Per iniziare a fare ikebana cosa serve?

Essenzialmente un maestro.

Sembrerà scontato, ma non è così. Potete leggere tutti i libri sull’ikebana e cercare di copiare quelli che vedete, ma senza la presenza di un maestro che vi sappia indicare il percorso non arriverete a nulla perché fare ikebana non è solo imparare una tecnica, ma tutta la filosofia e la spiritualità che c’è dietro di essa.

Su internet ho visto spacciare per ikebana persino composizioni con fiori di plastica, piume di fagiano abbinati a …. un granchio di plastica!

Quando si inizia non è necessario essere attrezzati, fornirà tutto il maestro, ma piano piano verrà naturale dotarsi di mezzi che ci permetteranno di ripetere a casa le lezioni apprese o semplicemente di rilassarsi facendo ikebana.

Nella scuola Sogetsu si utilizzano contenitori di qualsiasi tipo, ma quelli fondamentali sono il suiban e un vaso alto.
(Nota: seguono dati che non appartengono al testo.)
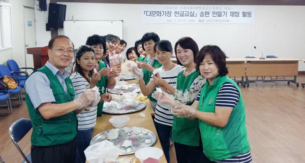 ºÎ»ê »ç»ó±¸ ¸ð¶ó1µ¿ Áֹμ¾ÅÍ(µ¿Àå ÀÌÀº±Ô)¿Í »õ¸¶À»ºÎ³àȸ(ȸÀå ¹èÀÎÀÚ)´Â Áö³­´Þ 27ÀÏ ´Ù¹®È­°¡Á¤ Çѱ۱³½Ç ÀÌÁÖ¿©¼º°ú ¼ÛÆí ¸¸µé±â üÇè Çà»ç¸¦ Çß´Ù.
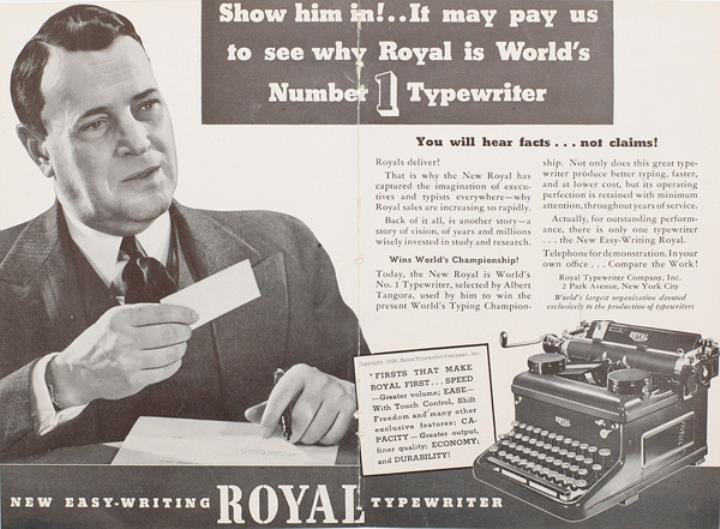 Werbeanzeige für Schreibmaschine Royal monchrom
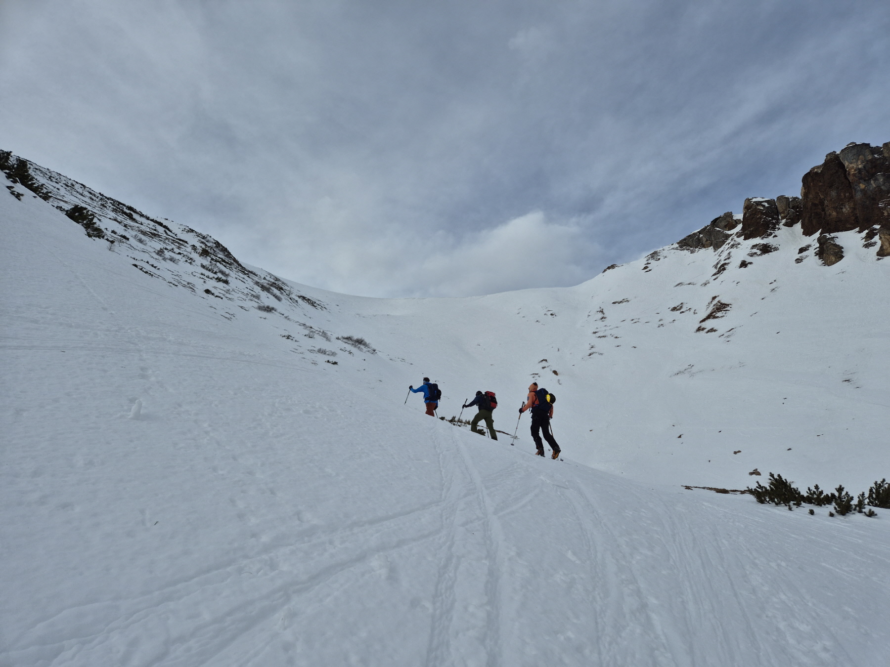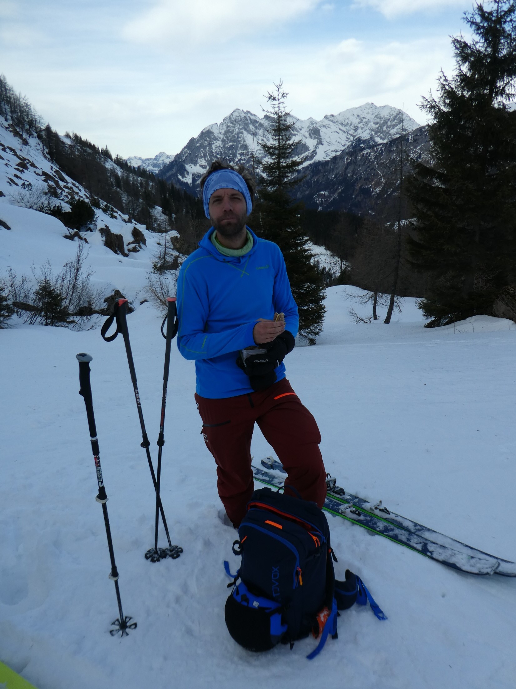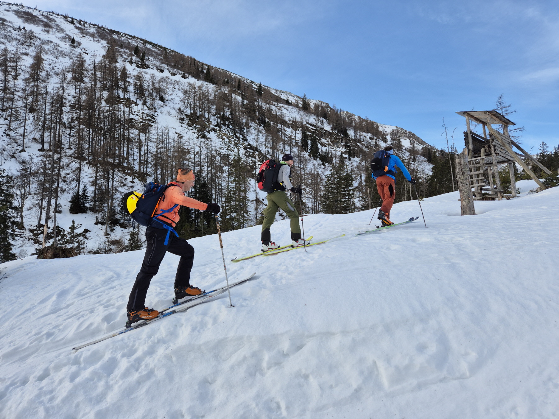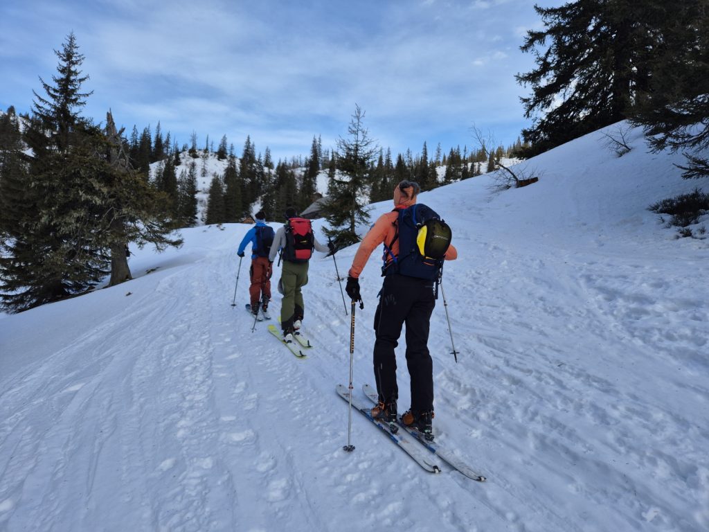 Vorbei an der Alm sind wir noch bis zum höchsten Punkt in Richtung Leobner Törl angstiegen. Erstmals haben wird dort abgefellt und sind in den oberen Abschnitt des Sautrogs abgefahren. Dort haben wir die Felle wieder aufgezogen und unseren Anstieg – sehr bald unterbrochen durch einen kurzen Zwischenstopp zum Montieren der Harscheisen – auf etwas glasiger Unterlage fortgesetzt.
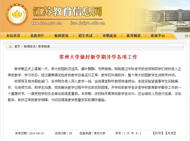 江苏教育信息网:常州大学做好新学期开学各项工作
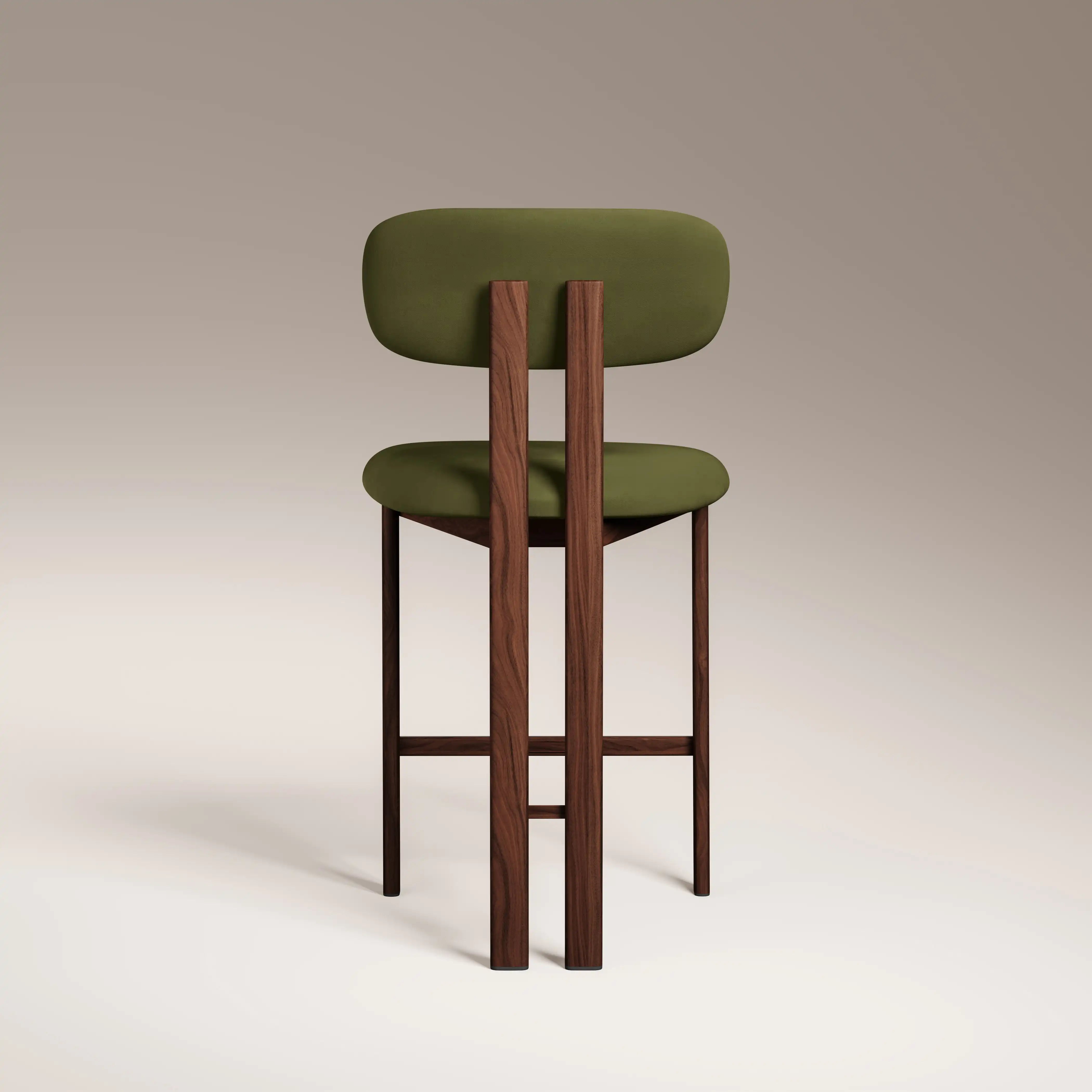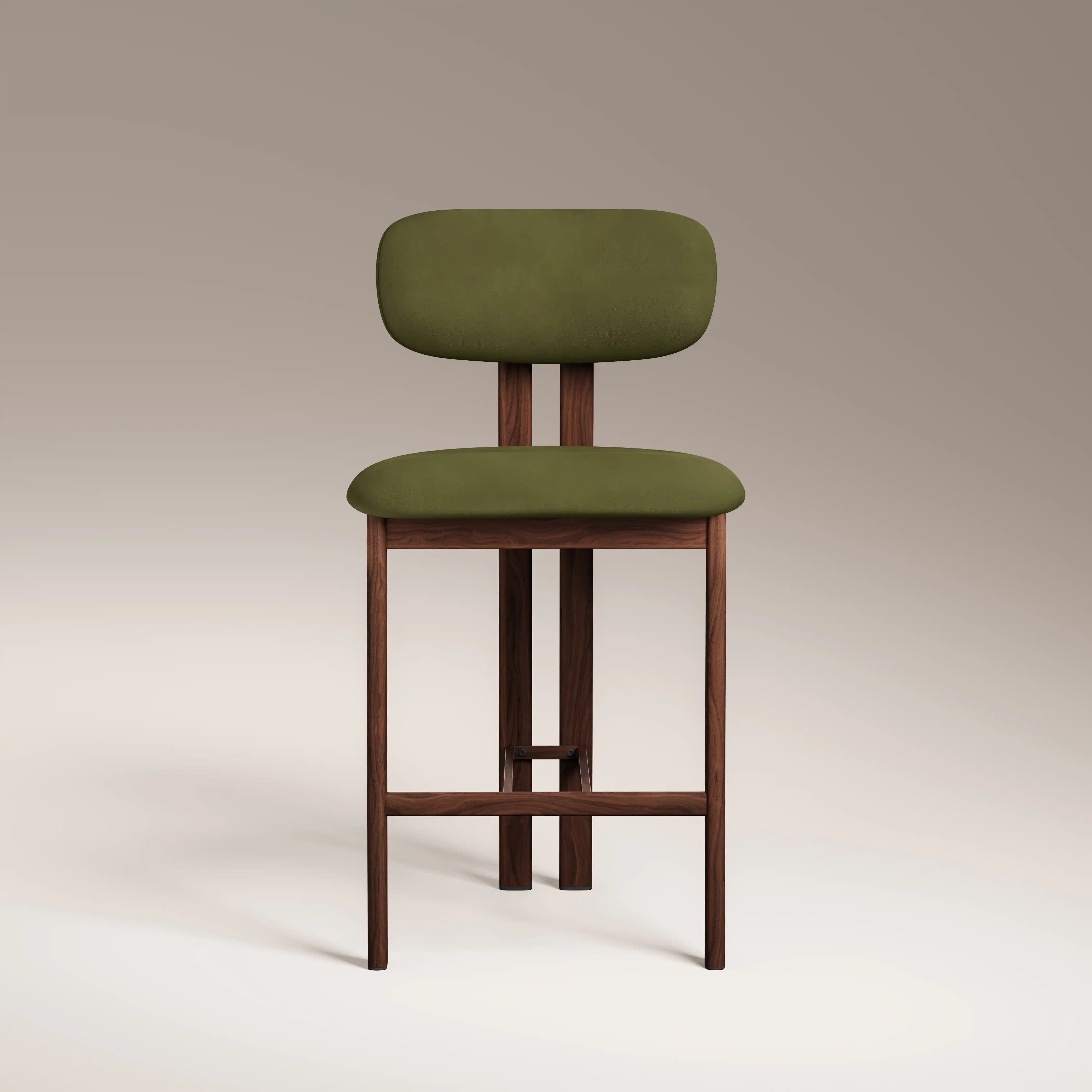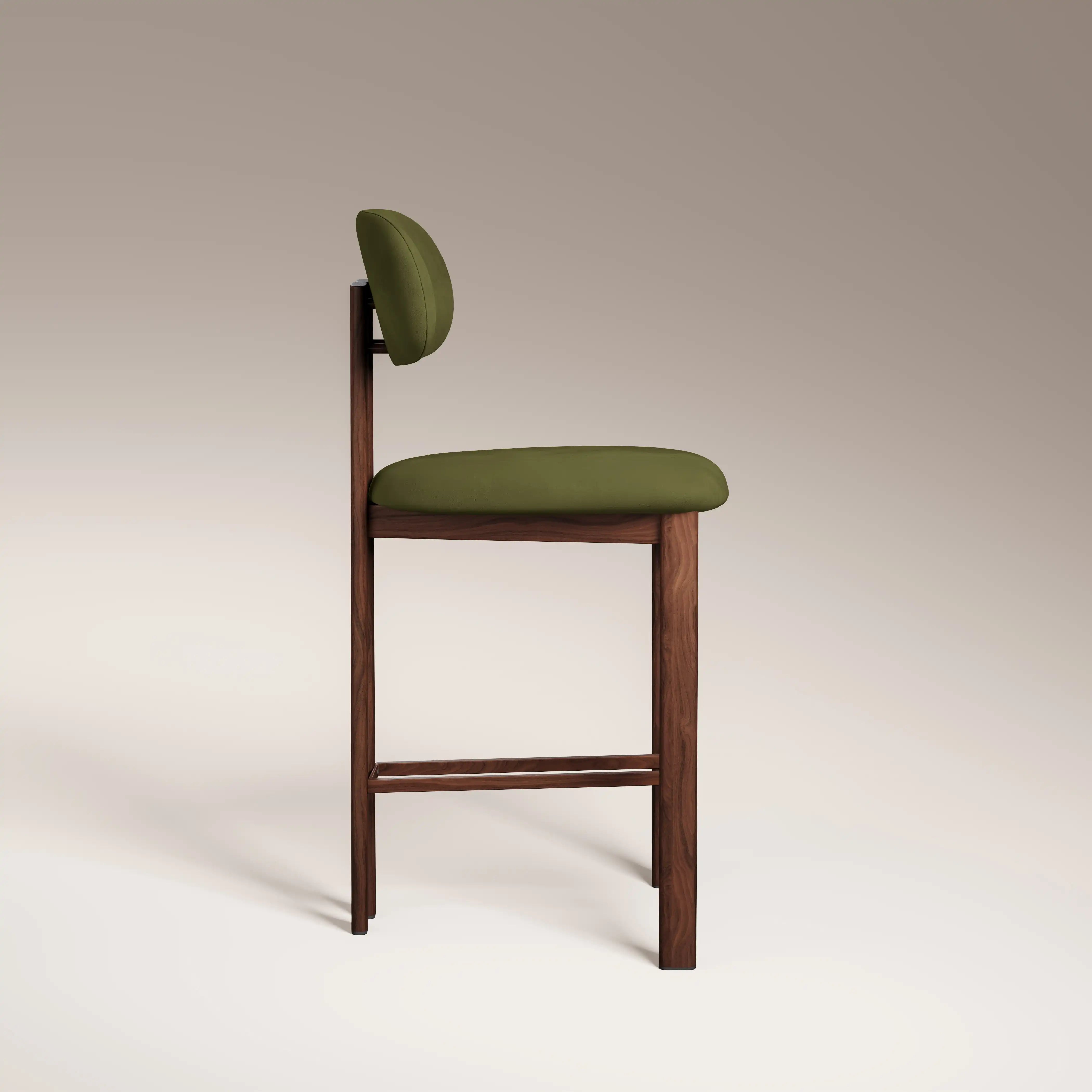 The Arbor Kitchen Stool mixes strong functional design with Luxe 70s Revival. Crafted from soft olive green velvet and a sleek walnut effect metal frame, these contrasting materials give retro-sque style. Match your Arbor stools perfectly with rich dark wood tables and curved accessories for that completed 70s luxe vibe.

Il suiban è una  ciotola bassa e tonda dove si fa una composizione chiamata moribana (letteralmente “fiori impilati”).

L’altro invece è un vaso cilindrico o quadrangolare alto utilizzato per la composizione denominata nageire (letteralmente “fiori gettati dentro”).

Se per il nageire andremo a costruire, secondo tecniche varie, il nostro sostegno per i fiori, nel moribana si utilizza il kenzan (letteralmente “montagna di spade”).

Il kenzan è di diverse dimensioni e forme a seconda del bisogno (un utile strumento è il Kenzan Okoshi che ci aiuterà a raddrizzare i chiodini del kenzan che tendono a storcersi a lungo andare e ad eliminare lo sporco che tra i vari dentini può rimanere) .

Come cesoie possiamo utilizzare quelle comuni da giardiniere o le hasami.